Surgeon Stated Sherman Act Claim Against Hospital Where Denied Privileges
By Nathan A. Adams IV
In Toranto v. Jaffurs, No. 16cv1709-JAH (NLS), 2018 WL 1410736 (S.D. Cal. Mar. 21, 2018), the district court determined that a pediatric plastic and craniofacial surgeon stated a claim for violations of the Sherman Act and defamation based on allegations that an employee of the University of California Board of Regents sent false, derogatory information to the hospital at which the surgeon sought admitting privileges, and that the employee and hospital officials conspired to deny him privileges.

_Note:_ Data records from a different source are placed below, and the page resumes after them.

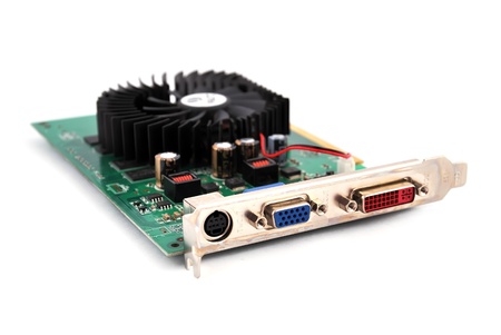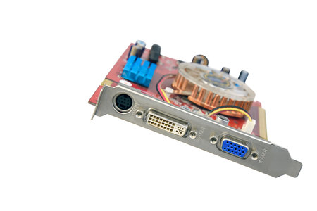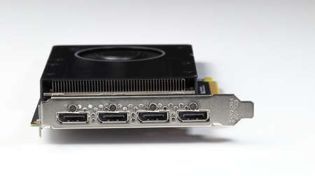 Display ports on Professional video graphic card, High performance video graphic card for workstation computer isolated on white,
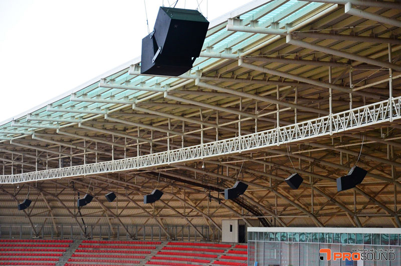 Sân vận động có không gian lớn, đòi hỏi hệ thống loa công suất lớn để đảm bảo âm thanh lan tỏa đồng đều.
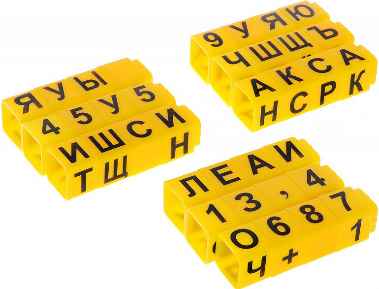 - 36 умных кубиков содержат 144 грани с буквами, цифрами и знаками препинания. В комплекте от 2 до 6 шт. каждой буквы и цифры в зависимости от частоты их использования.
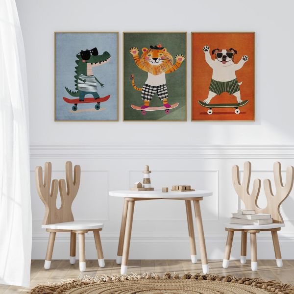 This vibrant set of posters showcases playful animals on skateboards, perfect for adding a touch of fun to any room. Featuring a crocodile, a tiger, and a dog, these posters bring charm and whimsy to your decor. Product contains a set of 3 posters only.
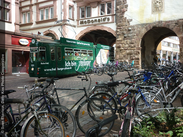 IAi??couldn’t resist. In Freiburg Germany, trams co-exist with bicycles and buildings, without the doom and gloom and general transportation chaos predicted by the SkyTrain (a.k.a. metro) lobby.
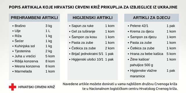 Popis artikala rezultat je dogovora s Crvenim križevima iz Ukrajine i okolnih zemalja. Naime, tim Hrvatskog Crvenog križa je proteklih tjedana boravio u Ukrajini te provjerio stanje izravno na terenu kako bi se uvjerili što je točno potrebnoraseljenim osobama iz Ukrajine, kao i najbolji način dostave. Sukladno s tim, ali i iskustvom rada s izbjeglicama koje su zaštitu potražile u Hrvatskoj, kreiran je popis potrebnih proizvoda i Hrvatski Crveni križ trenutno neće prikupljati ništa osim navedenog.
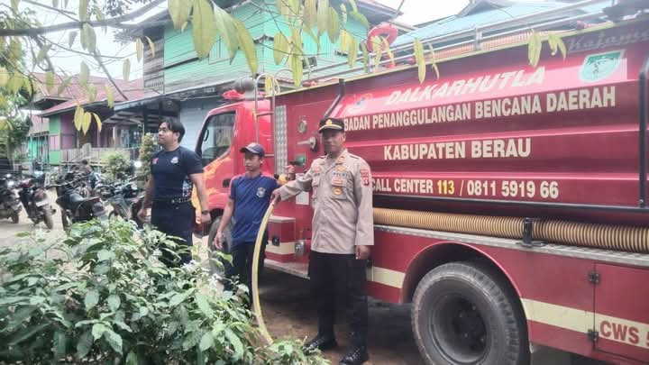 Kapolsek Sambaliung AKP Amin Maulani bersama Badan Penanggulangan Bencana Daerah (BPBD) Kabupaten Berau lakukan pendistribusian air bersih kepada masyarakat pada Jum’at (4/4/25).
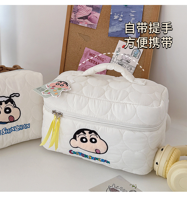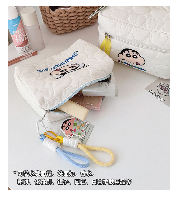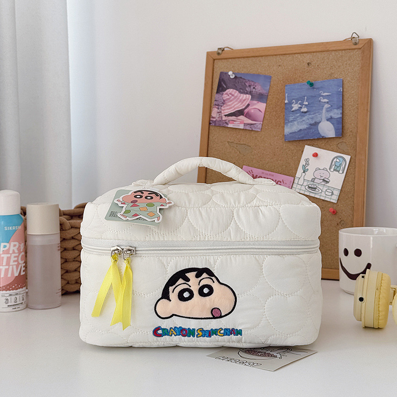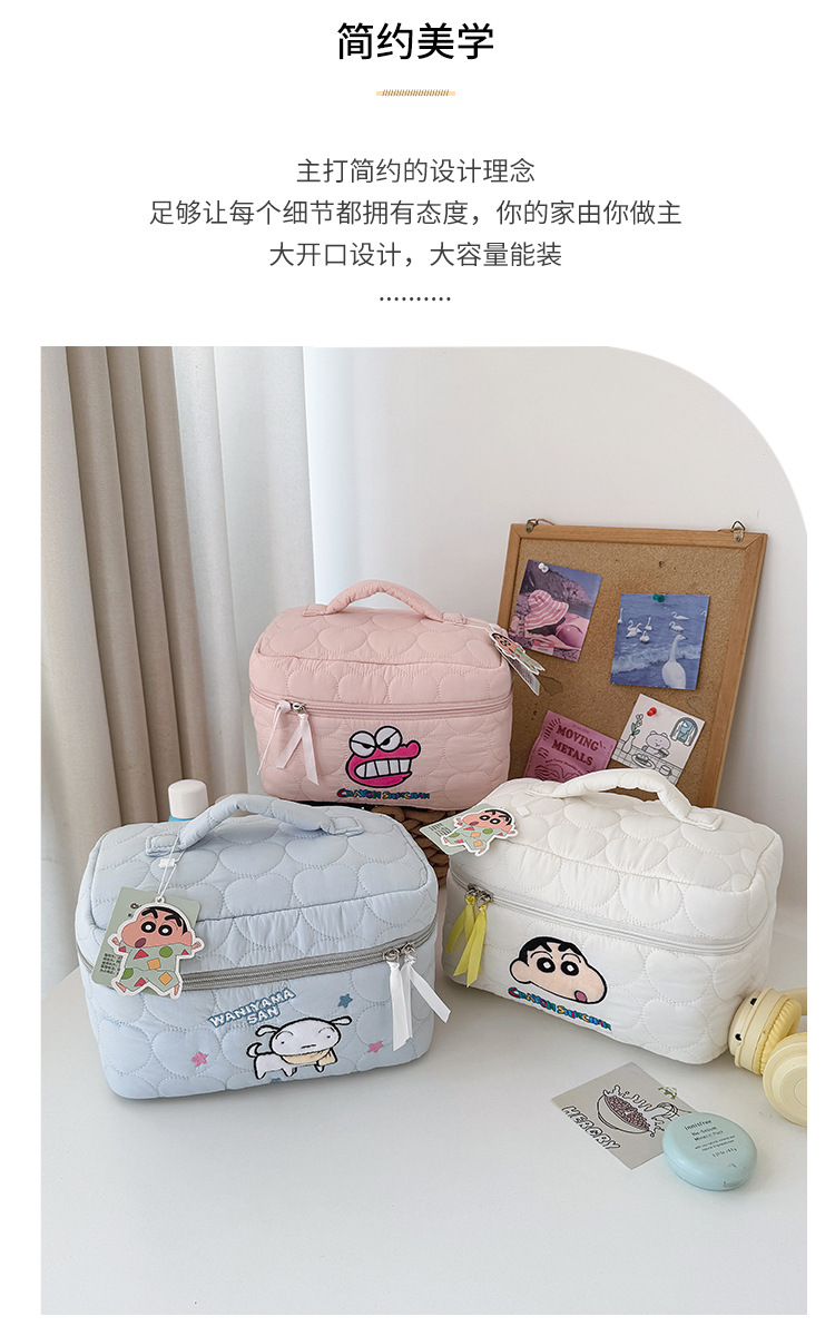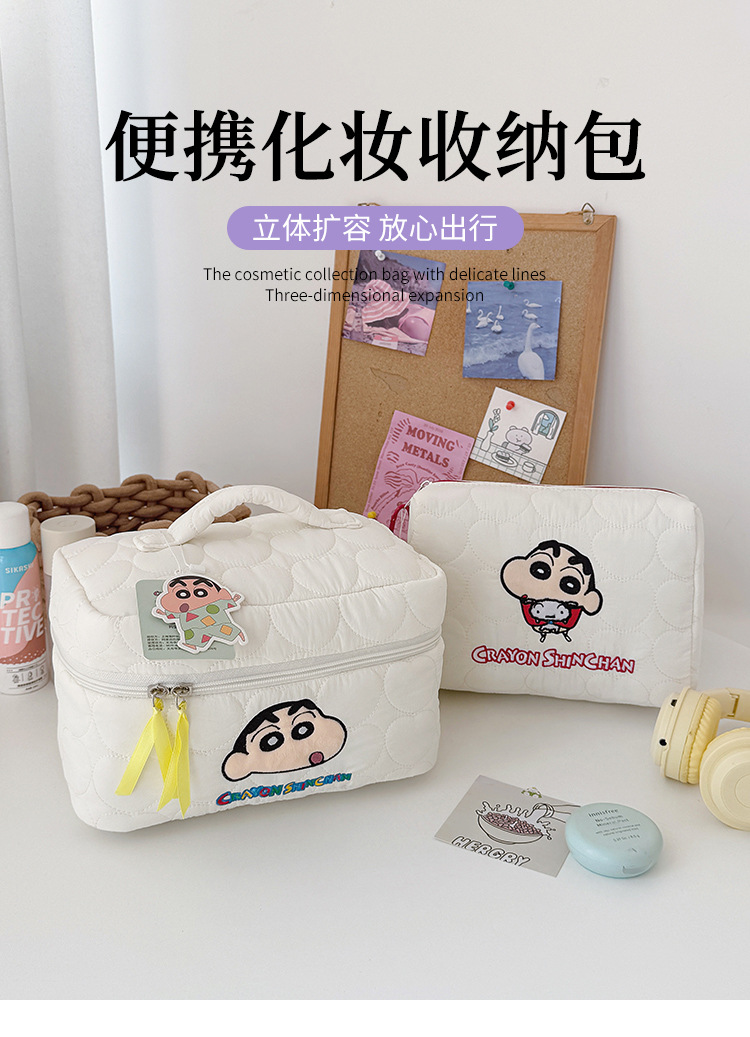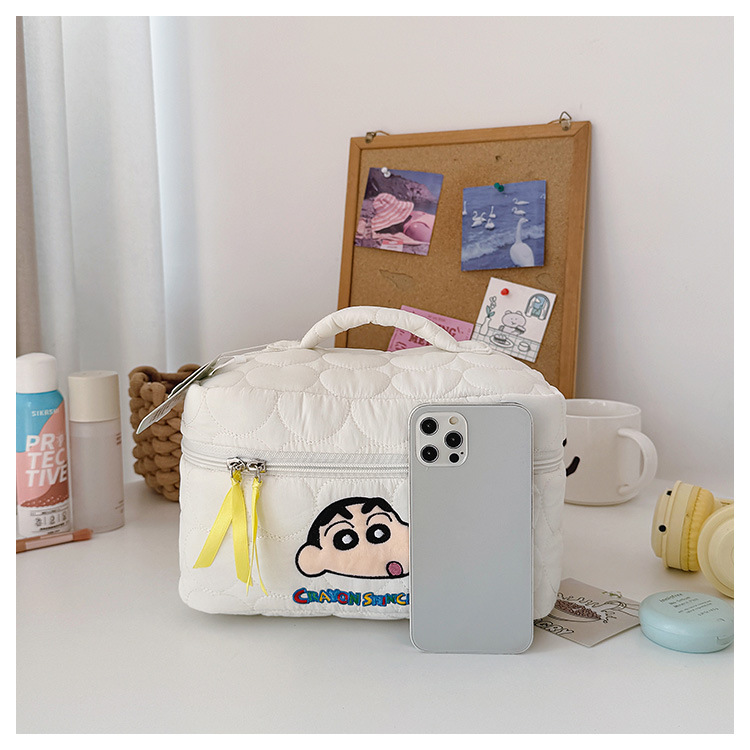 크레용 신짱 소프트 다운 화장품 가방 귀여운 만화 작은 흰색 귀여운 소녀 하트 휴대용 여행용 수납 가방스토어 가기

The physician alleged that the conspiracy restraining him from practicing resulted in longer patient wait time and higher costs and prevented certain complex pediatric craniofacial surgery procedures from being available at all. The court rejected the defendants' argument that they are a single entity incapable of conspiracy and that an employee cannot conspire with her employer. The court likewise rejected the defendants' argument that the unilateral power to deny privileges cannot result in a restraint of trade. Also significant, the court rejected the defendants' argument at the dismissal stage that the alleged statements of the employee of the Board of Regents that the physician was not fit to operate on children were privileged. The plaintiff alleged that the statements were not intended to aid in his evaluation, the employee viewed him as an economic threat to his practice and the employee acted out of a deep-seated animosity for him with the goal of denying him employment.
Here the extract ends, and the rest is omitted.